● **Exercise goal**
Only the lines below starting at the one containing "Men's Hell and" and ending at the one containing "探索奢華精仿手錶世界,這款勞" belong in the answer, each copied exactly.

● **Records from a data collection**
┌────────

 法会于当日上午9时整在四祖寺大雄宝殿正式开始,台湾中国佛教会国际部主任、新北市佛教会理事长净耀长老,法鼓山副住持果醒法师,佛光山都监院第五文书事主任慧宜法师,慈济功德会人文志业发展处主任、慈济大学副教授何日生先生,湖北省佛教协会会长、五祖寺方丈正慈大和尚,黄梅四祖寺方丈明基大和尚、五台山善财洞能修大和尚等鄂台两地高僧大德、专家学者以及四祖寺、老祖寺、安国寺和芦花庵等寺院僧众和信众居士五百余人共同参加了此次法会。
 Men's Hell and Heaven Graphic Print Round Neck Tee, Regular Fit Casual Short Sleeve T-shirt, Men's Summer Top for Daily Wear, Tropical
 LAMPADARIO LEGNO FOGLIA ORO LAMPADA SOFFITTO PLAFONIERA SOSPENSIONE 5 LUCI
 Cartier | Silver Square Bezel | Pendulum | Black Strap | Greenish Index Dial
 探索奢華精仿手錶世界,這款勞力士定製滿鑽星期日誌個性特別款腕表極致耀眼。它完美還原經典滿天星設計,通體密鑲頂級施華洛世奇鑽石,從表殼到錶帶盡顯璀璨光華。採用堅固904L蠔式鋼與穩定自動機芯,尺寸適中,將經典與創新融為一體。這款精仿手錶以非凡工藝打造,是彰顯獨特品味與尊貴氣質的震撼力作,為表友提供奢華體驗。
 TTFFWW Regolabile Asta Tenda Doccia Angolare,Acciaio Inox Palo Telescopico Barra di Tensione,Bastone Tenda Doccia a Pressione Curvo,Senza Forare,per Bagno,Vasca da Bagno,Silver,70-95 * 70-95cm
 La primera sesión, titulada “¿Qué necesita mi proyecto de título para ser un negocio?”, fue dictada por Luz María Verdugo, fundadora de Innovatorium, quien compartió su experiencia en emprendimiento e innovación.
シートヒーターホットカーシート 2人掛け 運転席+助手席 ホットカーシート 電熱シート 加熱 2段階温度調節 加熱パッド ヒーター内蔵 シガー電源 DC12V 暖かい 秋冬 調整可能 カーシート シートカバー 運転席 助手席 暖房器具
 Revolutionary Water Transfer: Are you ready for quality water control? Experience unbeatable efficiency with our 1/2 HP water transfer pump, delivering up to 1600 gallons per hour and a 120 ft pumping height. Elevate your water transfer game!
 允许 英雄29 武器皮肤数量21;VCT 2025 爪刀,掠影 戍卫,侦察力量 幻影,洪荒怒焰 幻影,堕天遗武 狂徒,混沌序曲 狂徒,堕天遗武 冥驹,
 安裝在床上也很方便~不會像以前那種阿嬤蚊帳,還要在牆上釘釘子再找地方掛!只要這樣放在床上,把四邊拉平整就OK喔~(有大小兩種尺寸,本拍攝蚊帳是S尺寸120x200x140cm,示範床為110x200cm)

└────────

● **Exercise output**
 Men's Hell and Heaven Graphic Print Round Neck Tee, Regular Fit Casual Short Sleeve T-shirt, Men's Summer Top for Daily Wear, Tropical
 LAMPADARIO LEGNO FOGLIA ORO LAMPADA SOFFITTO PLAFONIERA SOSPENSIONE 5 LUCI
 Cartier | Silver Square Bezel | Pendulum | Black Strap | Greenish Index Dial
 探索奢華精仿手錶世界,這款勞力士定製滿鑽星期日誌個性特別款腕表極致耀眼。它完美還原經典滿天星設計,通體密鑲頂級施華洛世奇鑽石,從表殼到錶帶盡顯璀璨光華。採用堅固904L蠔式鋼與穩定自動機芯,尺寸適中,將經典與創新融為一體。這款精仿手錶以非凡工藝打造,是彰顯獨特品味與尊貴氣質的震撼力作,為表友提供奢華體驗。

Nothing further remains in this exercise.